# opening costs for LLC



## falc (May 24, 2013)

Hello all,

does anyone knows how much are the costs to open a LLC in Dubai. If possible pls. give detailled informations to the several fees and additional costs. (Service License required, Visa, health care ins....)

Thx
Falc


----------



## boris&L (Aug 7, 2013)

falc said:


> Hello all,
> 
> does anyone knows how much are the costs to open a LLC in Dubai. If possible pls. give detailled informations to the several fees and additional costs. (Service License required, Visa, health care ins....)
> 
> ...


You will find all related costs in the freezones websites. Depending on your activity. One of the cheapest free zones in Dubai is Dubiotech. They would accommodate any sort of activity (they are hungry for business). I gathered the following costs last year, so i suppose nothing has changed much. 

- One-time registration fee: AED 3,520
- Annual licensing fee: AED 15,000 (AED 25,000 if you are in manufacturing)
- Office space varies depending on your business requirements and availability.

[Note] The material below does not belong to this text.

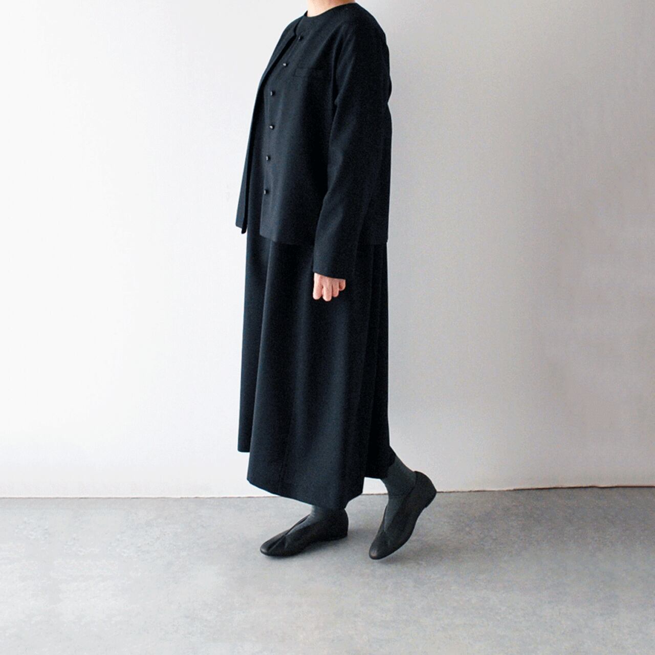 ※ノーカラージャケットとセットアップで着て頂く場合は、ジャケットは1サイズ大きいサイズ(ワンピース38サイズ+ジャケット40サイズ、ワンピース40サイズ+ジャケット42サイズ)を合わせて頂く事をオススメします。

There are fitted-out small business centre solutions starting from AED 22,000 per annum, to large core and shell / semi-fit-out options at AED 180 – AED 310 per square foot and even warehouses that are ideal for module assembly and systems integration activities.

Total initial cost to your company can start at AED 18,520 + lease of the office option you choose

Total annual cost of maintaining the free zone trade license will be from AED 15,000 to renew the license + lease of the office option you choose

You could also check : 

-	JLT
-	Dubai Airport Free Zone
-	RAK Free Zone


Shout if you need more help :bolt:


----------



## falc (May 24, 2013)

Thanks for for answer, but I don´t want to open in a free Zone. I want to be in some of the industrial areas with 51% sponsorship. For some kind of business it´s neccessary do be out of free Zone.

Greetings falc


----------



## boris&L (Aug 7, 2013)

falc said:


> Thanks for for answer, but I don´t want to open in a free Zone. I want to be in some of the industrial areas with 51% sponsorship. For some kind of business it´s neccessary do be out of free Zone.
> 
> Greetings falc


Sorry I don't have info on sponsorship outside of freezones. But you can have industries in freezones such as Dubai outsource zone or even Dubiotech as long as its light industry. 

Mate you would like to give us more specifics on the industry and your budget ?


----------